* **Problem details**: Take the line containing "Banana Republic Stretch" and each line after it through the end of the data below, and return them exactly, minus any pictures.

* **Data to use**:

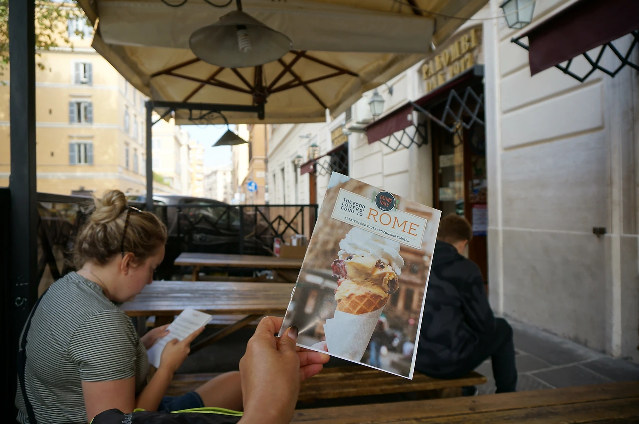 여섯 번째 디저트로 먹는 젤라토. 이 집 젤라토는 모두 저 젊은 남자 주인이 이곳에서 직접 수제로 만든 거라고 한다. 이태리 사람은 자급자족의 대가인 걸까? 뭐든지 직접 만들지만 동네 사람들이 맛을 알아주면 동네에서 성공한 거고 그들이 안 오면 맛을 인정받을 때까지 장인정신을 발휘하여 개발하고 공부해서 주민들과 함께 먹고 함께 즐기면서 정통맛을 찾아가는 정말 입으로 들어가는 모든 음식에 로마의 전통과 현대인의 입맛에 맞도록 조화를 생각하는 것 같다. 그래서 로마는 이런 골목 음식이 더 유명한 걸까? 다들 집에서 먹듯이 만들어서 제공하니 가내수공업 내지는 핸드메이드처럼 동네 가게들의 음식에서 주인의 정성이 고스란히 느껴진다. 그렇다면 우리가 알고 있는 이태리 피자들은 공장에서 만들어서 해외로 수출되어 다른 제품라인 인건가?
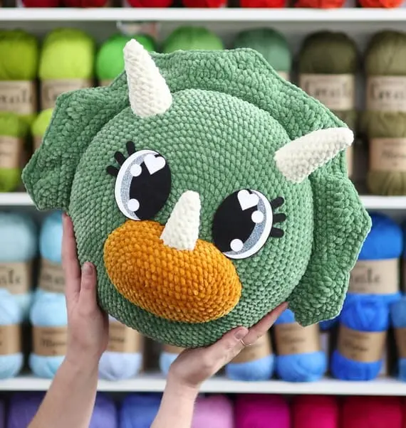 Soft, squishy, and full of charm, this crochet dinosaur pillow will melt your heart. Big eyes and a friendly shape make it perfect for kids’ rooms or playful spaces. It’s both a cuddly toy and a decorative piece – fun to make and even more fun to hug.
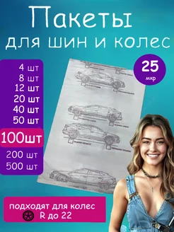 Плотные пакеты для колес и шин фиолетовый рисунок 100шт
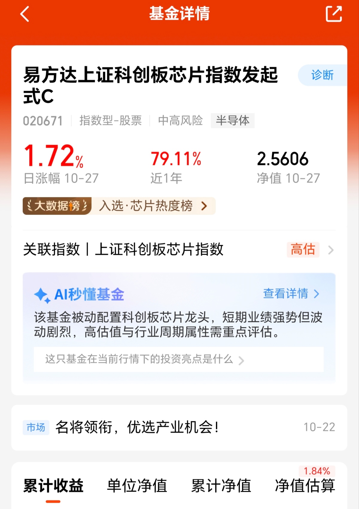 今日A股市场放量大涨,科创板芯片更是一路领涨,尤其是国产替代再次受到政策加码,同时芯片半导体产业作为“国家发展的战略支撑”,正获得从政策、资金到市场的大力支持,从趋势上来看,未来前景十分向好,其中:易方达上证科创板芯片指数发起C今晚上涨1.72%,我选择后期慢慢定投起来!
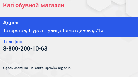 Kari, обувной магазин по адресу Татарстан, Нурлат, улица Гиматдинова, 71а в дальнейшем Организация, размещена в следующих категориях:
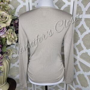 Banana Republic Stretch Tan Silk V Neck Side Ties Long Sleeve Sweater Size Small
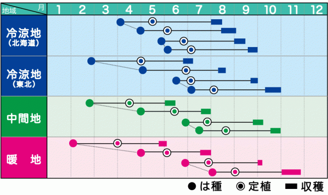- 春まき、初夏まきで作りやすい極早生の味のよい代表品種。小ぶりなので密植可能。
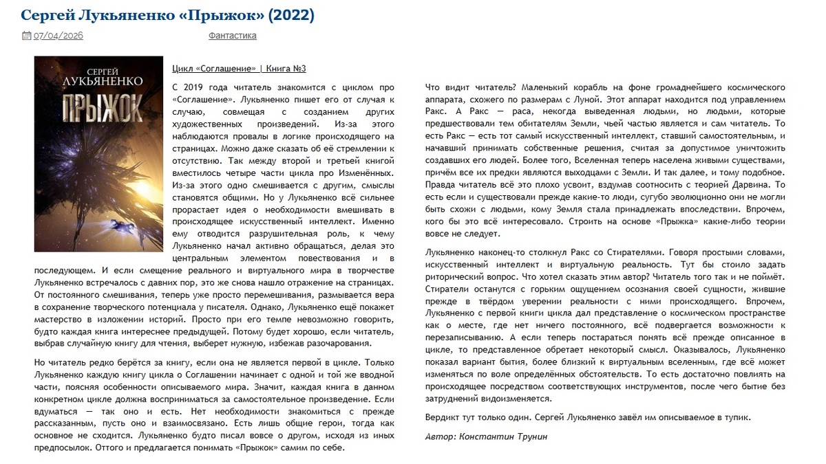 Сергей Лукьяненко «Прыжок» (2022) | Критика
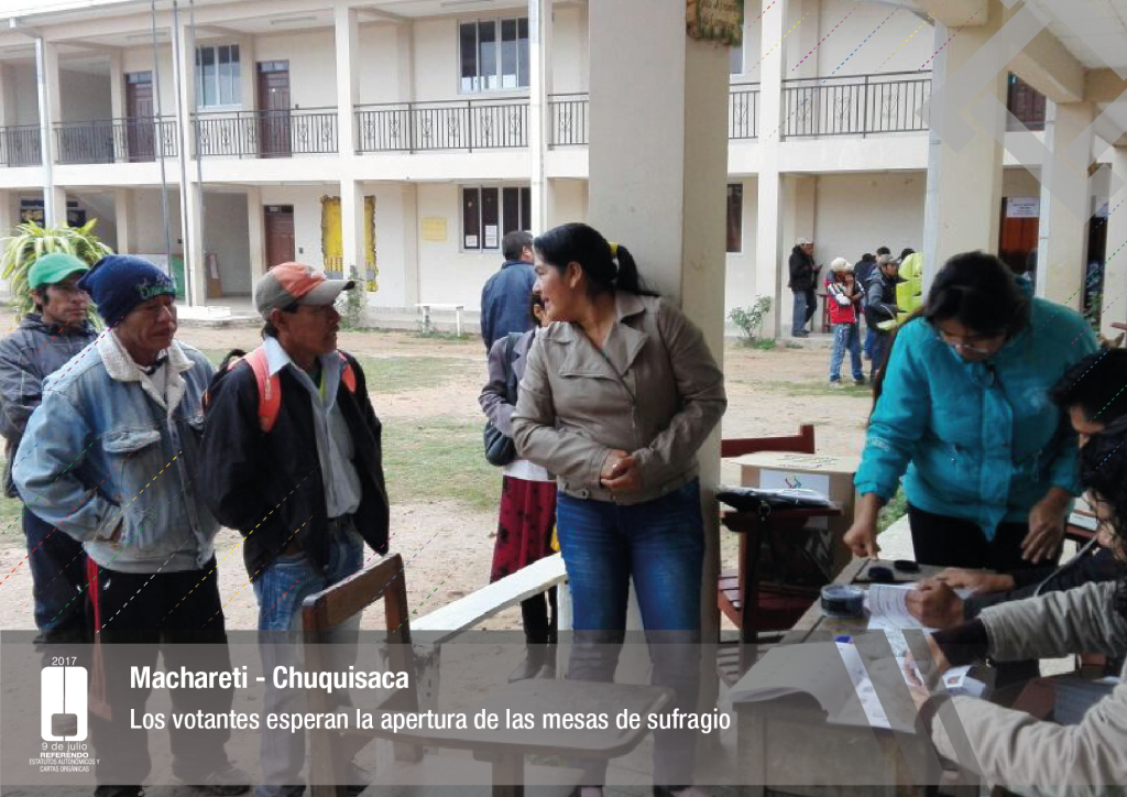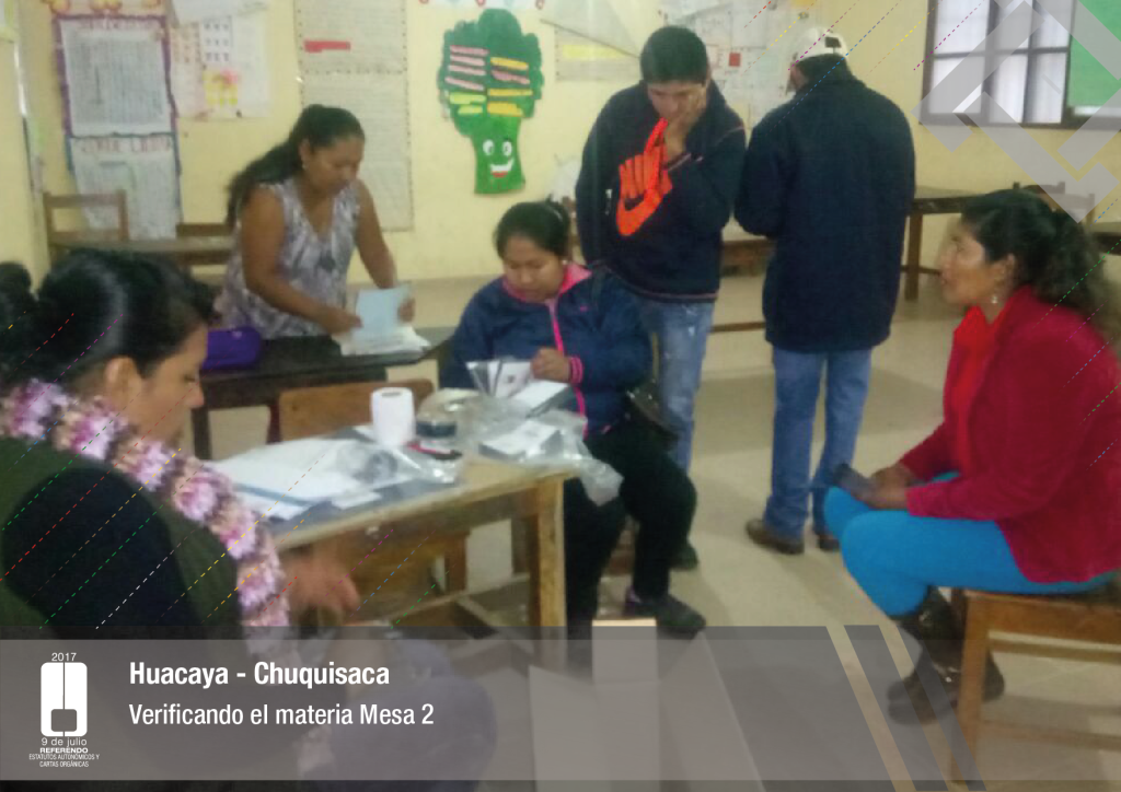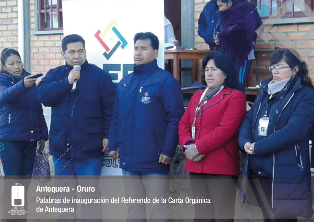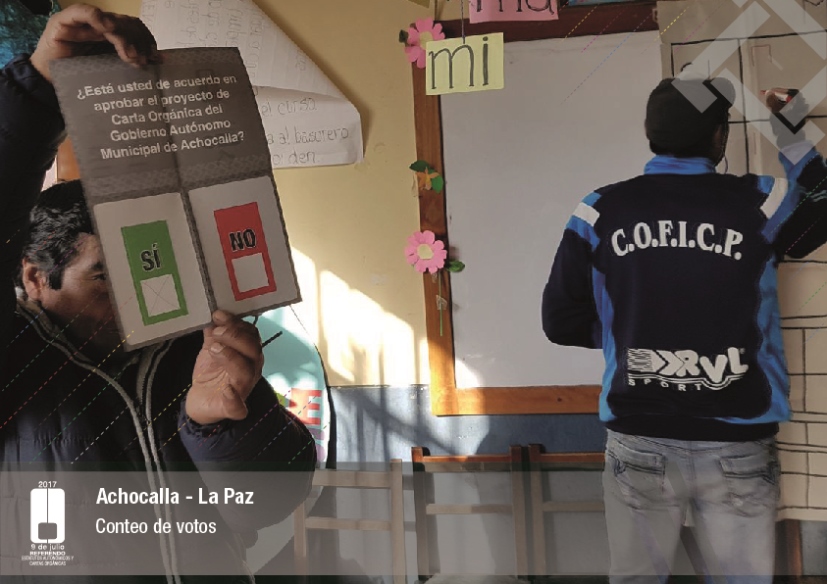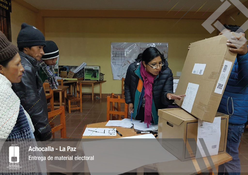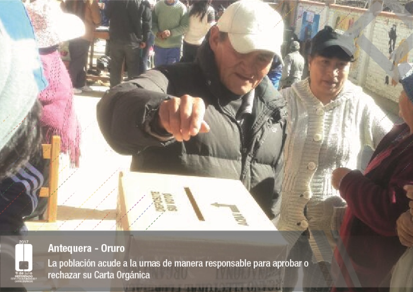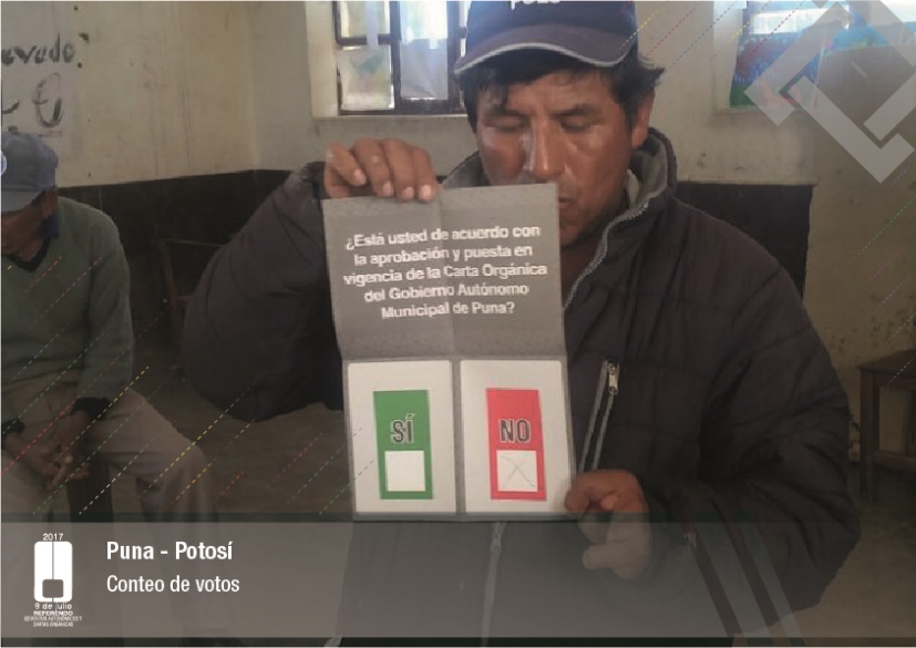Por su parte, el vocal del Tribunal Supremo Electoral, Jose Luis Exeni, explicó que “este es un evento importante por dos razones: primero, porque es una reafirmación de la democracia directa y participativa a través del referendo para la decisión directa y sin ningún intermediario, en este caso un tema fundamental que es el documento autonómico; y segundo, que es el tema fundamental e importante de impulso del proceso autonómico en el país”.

* **Answer space**:
 Banana Republic Stretch Tan Silk V Neck Side Ties Long Sleeve Sweater Size Small
- 春まき、初夏まきで作りやすい極早生の味のよい代表品種。小ぶりなので密植可能。
 Сергей Лукьяненко «Прыжок» (2022) | Критика
Por su parte, el vocal del Tribunal Supremo Electoral, Jose Luis Exeni, explicó que “este es un evento importante por dos razones: primero, porque es una reafirmación de la democracia directa y participativa a través del referendo para la decisión directa y sin ningún intermediario, en este caso un tema fundamental que es el documento autonómico; y segundo, que es el tema fundamental e importante de impulso del proceso autonómico en el país”.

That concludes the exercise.